The most significant development in modernist Islamic thought in the last generation has been the various understandings of Islam that go under the rubric of "progressive Islam." Fully immersed in postmodern critiques of modernity, progressive Islam both continues and radically departs from the 150-year-old tradition of liberal Islam. Many nineteenth- and early twentieth-century modernists generally displayed an uncritical, almost devotional, identification with modernity and often (though not always) bypassed discussion of colonialism and imperialism. Progressive understandings of Islam, on the other hand, are almost uniformly critical of colonialism, both in its nineteenth-century manifestation and in its current variety. Progressive Muslims develop a critical and nonapologetic "multiple critique" with respect to both Islam and modernity. That double engagement with the varieties of Islam and modernity, plus an emphasis on concrete social action and transformation, is the defining characteristic of progressive Islam today.
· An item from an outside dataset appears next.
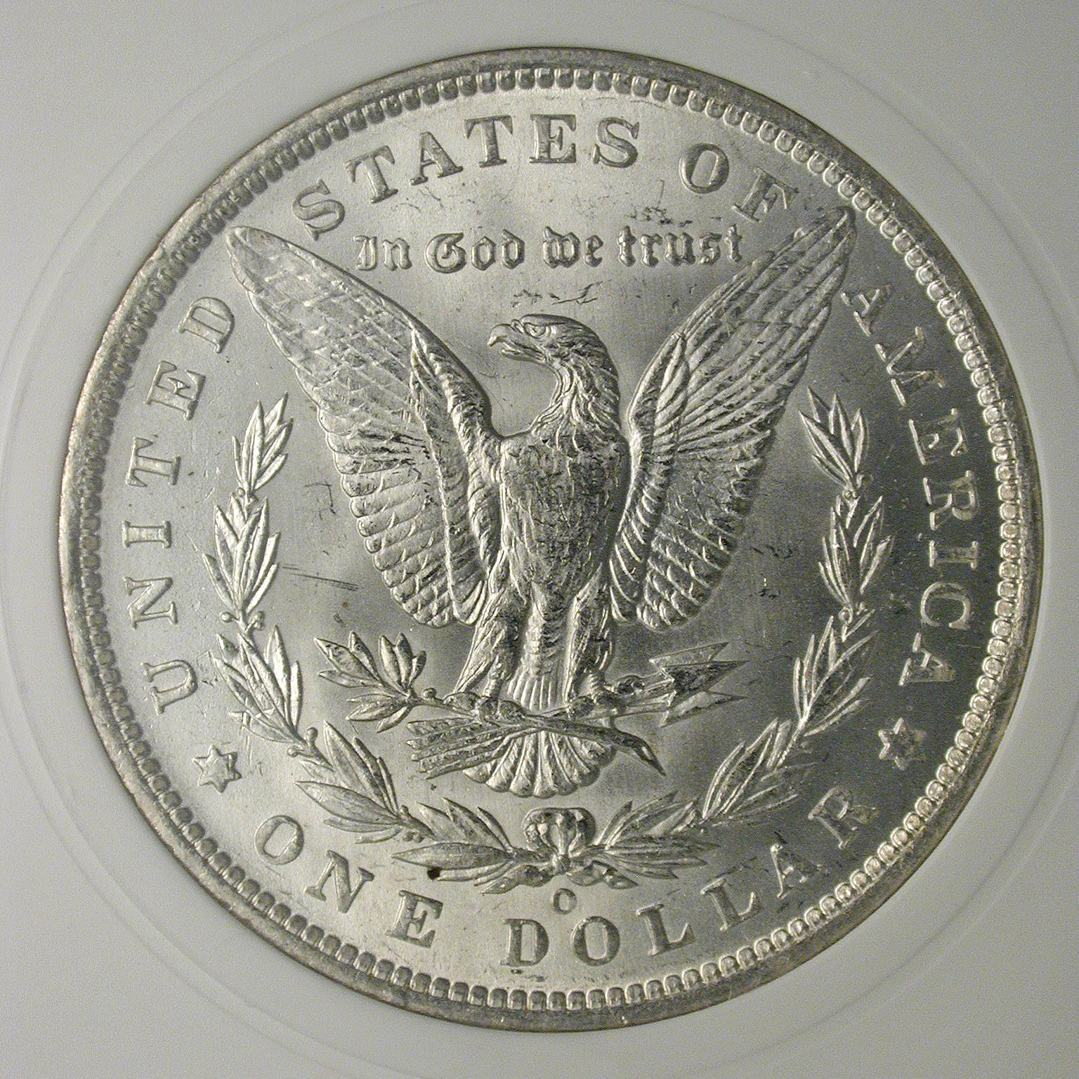 Left: 1890-O Morgan Dollar, PCI MS-64.
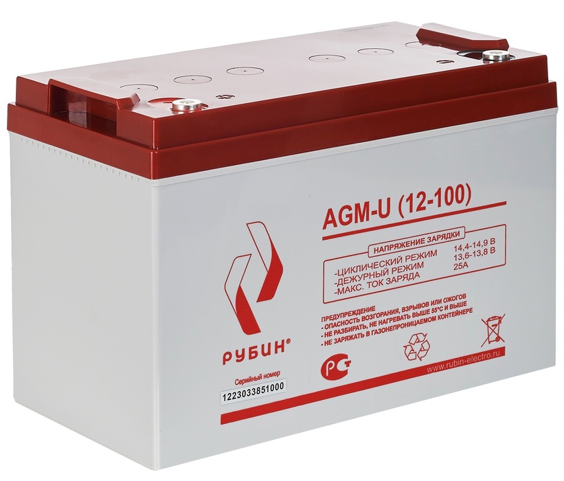 Аккумуляторная батарея 12V 100Ah AGM (30.5kg) РУБИН РЭ-АКБ12100 — данная модель идеально подходит для использования в ИБП и системах резервного питания. В буферном режиме способен сохранять свои характеристики до десяти лет. Изготовленный из прочного ABS пластика, корпус гарантирует повышенную взрыво- и огнестойкость.

Unlike their liberal Muslim forefathers (who usually were forefathers ), progressive Muslims represent a broad coalition of female and male Muslim activists and intellectuals. One of the distinguishing features of the progressive Muslim movement as the vanguard of Islamic (post)modernism has been the high level of female participation and leadership. This is particularly the case in Western countries, where a majority of Muslims who self-identify as progressive are female. The majority of progressive Muslims also highlight women's rights as part of a broader engagement with human rights.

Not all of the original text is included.